Registries and the Future of Medicine

Print 20 May 2016
Brian Kelly / PharmExec.com

Payers, providers, patients and pharmaceutical companies all want to understand the value of specific treatments – and patient registries can help them do that. These online data platforms give patients and providers a single place to record information about diagnosis, condition and treatment experience.

Registries are already being used by stakeholders across the industry to define value, both clinically and economically, in an effort to improve the overall quality of care for current and future patients in a variety of ways:

• Providers and hospital systems can use the data to demonstrate their quality of care, improve the clinical outcomes of patients and enable personalized medicine through genetic testing to define more narrow target patient populations

• Payers can use them to evaluate the quality and cost of care for increasingly narrow subsets of patients

• Pharmaceutical and medical device companies can use them to demonstrate the value of their products and services, and bring new products to the market more quickly and with a higher likelihood of clinical and economic success.

• All stakeholders can harness these data sources to achieve these goals with greater ease and lower costs.

Standardization is the next step

Going forward registries will play an even greater role as hubs that bring together communities of patients, providers and payers to gather and share real world evidence insights from clinical, economic and observational data to support both clinical care optimization as well as drug development. However, as with all digital patient data, the industry continues to struggle with how we can scale the benefits of registries to ensure this information can be shared and accessed by all of the stakeholders who can benefit, while protecting patients’ privacy and confidentiality. Creating interoperability between registries is a challenge that won’t be easily solved, but we can achieve incremental improvements through the standardization of registries.

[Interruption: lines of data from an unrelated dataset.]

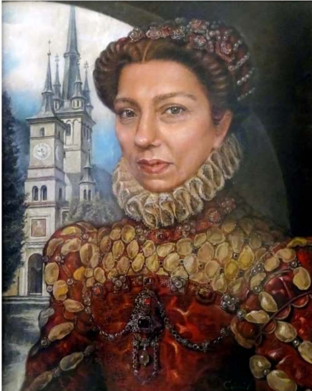
Carmen, pastel pe pânză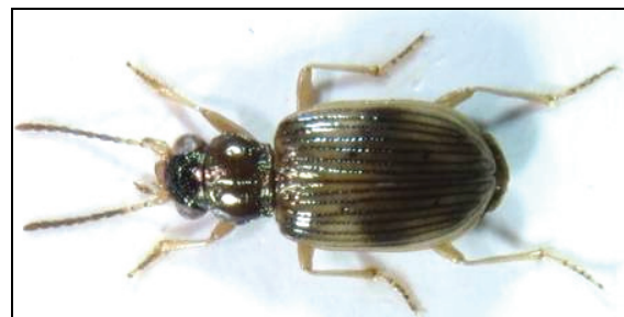
Abb. 5: Bembidion ruficolle

Sie sind alle Spezialisten für sandige, nährstoffarme Böden, die in unserer von intensiver Landwirtschaft geprägten Zeit immer rarer werden.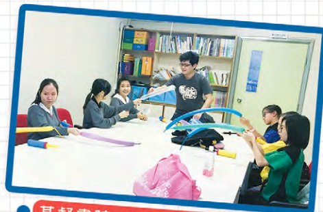
● 基督書院 - 讓愛傳開去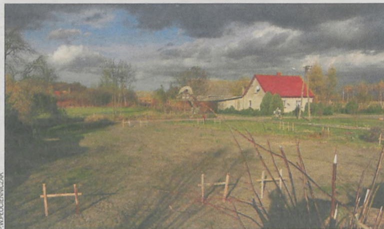
W Starkówcu wyznaczono teren pod nową świetlicę

In many cases, large provider organizations and professional associations have more than one registry, each started by different groups using different data sets. To gain efficiencies, these organizations can develop a common data model for all of their registries for use on an integrated platform. This enables stakeholders to look at the same patient across multiple registries, and leverage and reuse the data to greater benefit. It also allows them to examine data from an enterprise standpoint, and to enable the input of electronic health records (EHRs) into the registries.

At the hospital and provider levels, this has the potential to help with quality improvement registries, which are currently labor intensive. Current registries require a huge amount of manual data entry which can limit their adoption and ability to scale. Hospitals and providers can automate some of these steps by harnessing the modern electronic record infrastructure developed to support EHRs enabling them to increase external integration and interoperability.  Further gains can be made by improving workflows and data governance at the hospital and enterprise levels.

Data integration and standardization are key to unlocking the productivity puzzle in the world of registries. When we achieve these goals we enable access to a vast store of information and analytics opportunities to more gain greater insights into ways to improve clinical care and patient research. To do this, data must be pulled from multiple sources in a consistent manner, including EHR data, patient data and research and financial information from trials and payers. The concept of real-world evidence hubs centered on disease-specific communities that aggregate these data sources holds great promise as healthcare stakeholders work to demonstrate value. These hubs can form the basis of the “registry of the future” – leveraging data already stored in EHRs to create an information framework for answering healthcare stakeholders’ questions about how to measure and improve the quality of care.